# moto mtc first take



## wideawakejake (Sep 29, 2012)

hi all! im new to MIMB! I just recently traded in my 2009 MudPro 700 on a new left over 2011 Brute 750. the mud pro was great when it worked but it was just to unreliable and the closest dealer was over an hour away. the new Kawi came with a 14" wheels and 26" Moto MTC meats. I will say that the Outlaw MTR's on the MudPro were incredible tires for prettymuch everything. i.dont know why they dont get more respect. Anyway, just got back from the bikes first real outing at the ******* Yacht Club. the Mhoto MTC's did well in everything even a little unintended swiming. for an agressive all terrain , they went through evrythjng just fine. only got stuck once, and it wasnt the tires fault. it was reallly wet and sloppy out there and they never let me down.
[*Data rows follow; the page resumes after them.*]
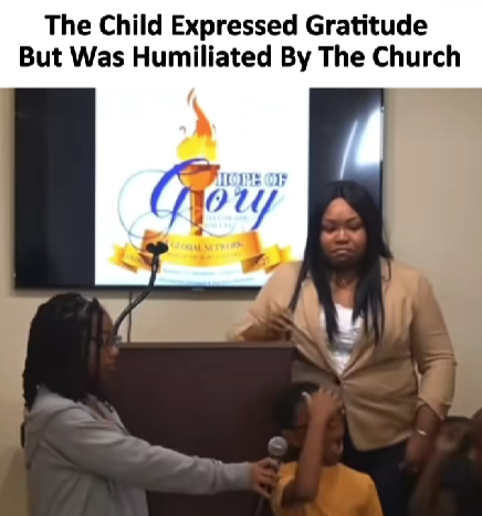 The incident unfolded during what appeared to be a testimony or appreciation segment at the Hope of Glory church. The young girl, encouraged to speak into the microphone, stepped forward with nothing but sincerity and kindness in her voice. She wasn’t causing trouble. She wasn’t being disrespectful. She was simply doing what children do best: speaking honestly.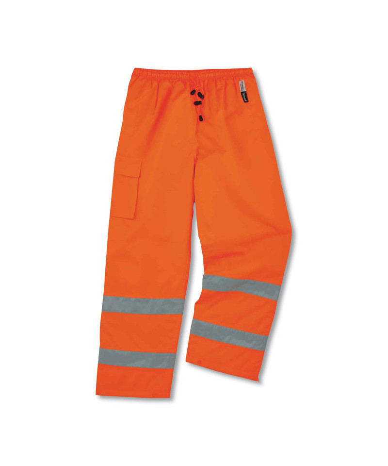 Class E thermal pants have a weatherproof polyester outer shell with a breathable 3M thinsulate lining for warmth and waterproof comfort. Features a 2" ANSI-compliant 3M Scotchlite Reflective and one right leg cargo pocket. Elastic waist with a drawstring guarantee a perfect fit and zippered leg openings offer an easy on/off.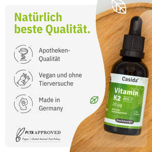 Die Casida Vitamin Kur versorgt den Körper mit den wichtigen Vitaminen B12, D3 und K2, die viele wichtige Funktionen im Körper erfüllen.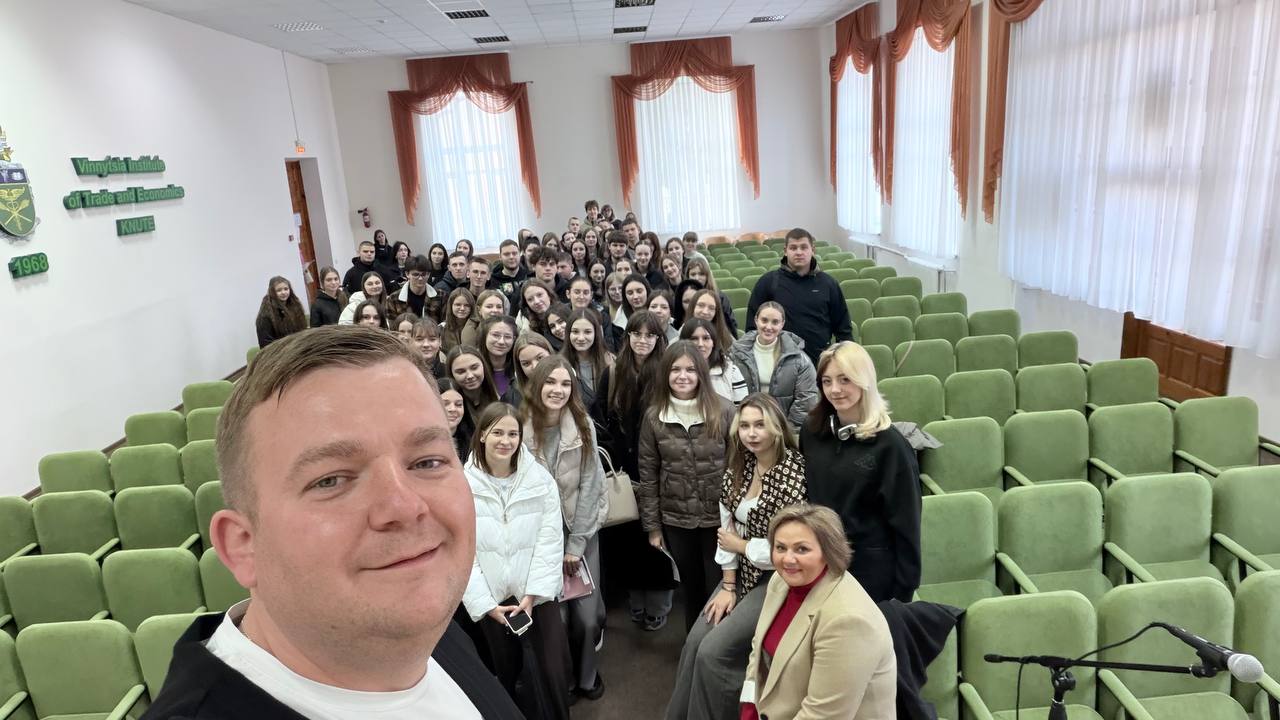 15 жовтня 2025 року у стінах Вінницького торговельно-економічного інституту ДТЕУ відбулося чергове засідання Бізнес-школи. Гостем і спікером зустрічі став директор ПП «Рекламакс» Сергій Дідук - практик із багаторічним досвідом у сфері реклами, маркетингових комунікацій та брендингу.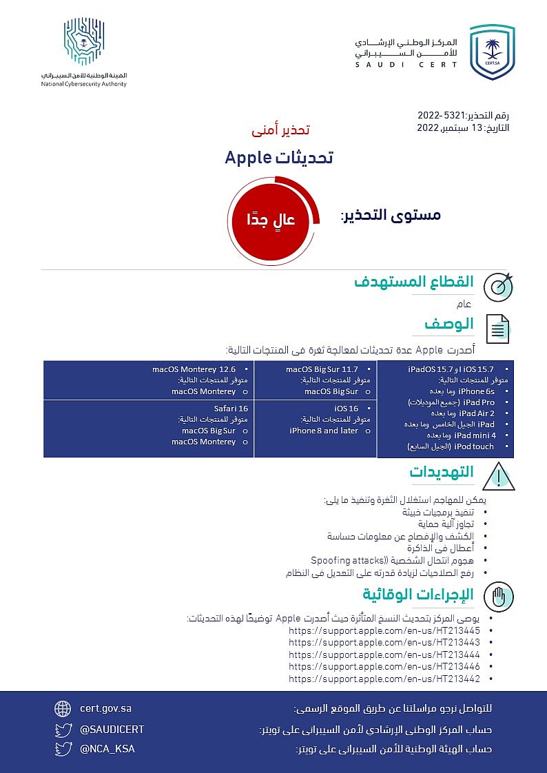 تفصيلاً، بيّن المركز أن مستوى الخطورة للتحذير عالٍ جدًا وأنه يستهدف كل القطاعات، موضحاً أن أبل أصدرت تحديثات لمعالجة الثغرة.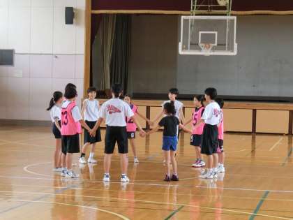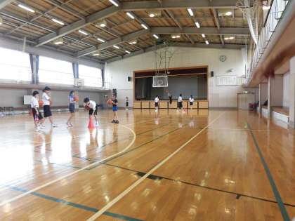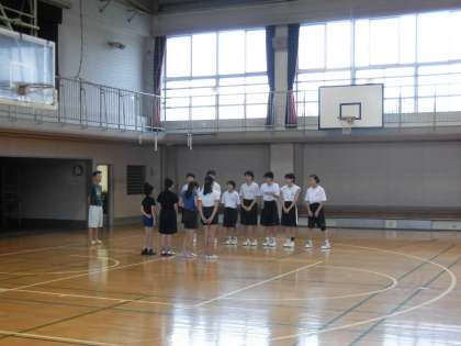 松沢中学校での部活動体験2日目は、8月1日(火)午前9時から始まりました。女子バスケットボール部に本校の児童2名が参加しました。館内をランニングしたり、シュート練習をしたりしながら最後はゲームも体験しました。最後は、コートの中央で手をつなぎ円陣を組んで終わりました。先輩のやさしさを感じていました。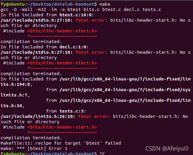 a) 首先使用make编译生成btest可执行程序,部分warning不需要特殊处理,但如果出现的warning过多则需要适当注意是否程序中有错误。(以下是正确的情况)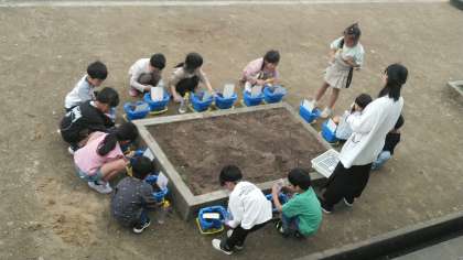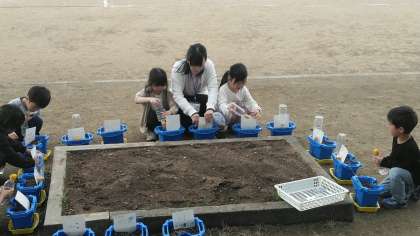 1年生の5時間目も、生活科の学習でした。あさがおの種を植えた鉢を花壇の周りに移動して、水をたっぷりあげていました。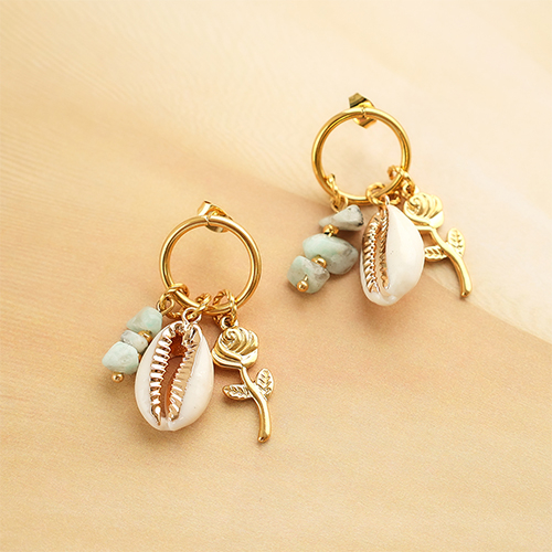 • Perles coquillage specials pendentif Cauri Crème beige-doré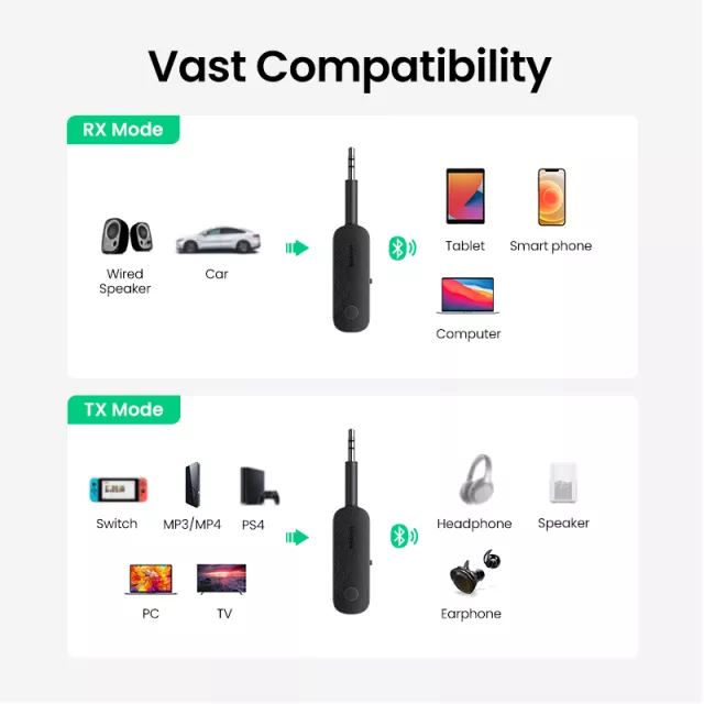 With its award-winning design and upgraded Bluetooth 5.0 technology, it offers stable connections, dual-device pairing, and superior audio clarity. Use it in Transmitter (TX) Mode to connect non-Bluetooth devices like your TV or Nintendo Switch to Bluetooth earphones. Switch to Receiver (RX) Mode to stream music wirelessly from your phone to speakers or your car stereo. It’s the perfect upgrade for modern wireless living.

Not a bad do all tire. they hook up, they clean out if you keep em spinning, and you can easily slide em around. they do NOT like hard asphault at all. they ride smooth, but the lugs chunk out easily. i never noticed the MTR's to do this. anyway, sorry for the long post. i feel the MTC's to be an excellent trail tire with good enough all kinds of mud qualities.


----------



## Polaris425 (Dec 16, 2004)

looks good. Never heard of Outlaw MTR. There's the MST, and then the Radial. ??


----------



## wideawakejake (Sep 29, 2012)

im sorry. i.meant the MST's Excellent tire. wish they made it in a 28x14.


----------



## Polaris425 (Dec 16, 2004)

Agreed. I ran them for a while. Great tire.


----------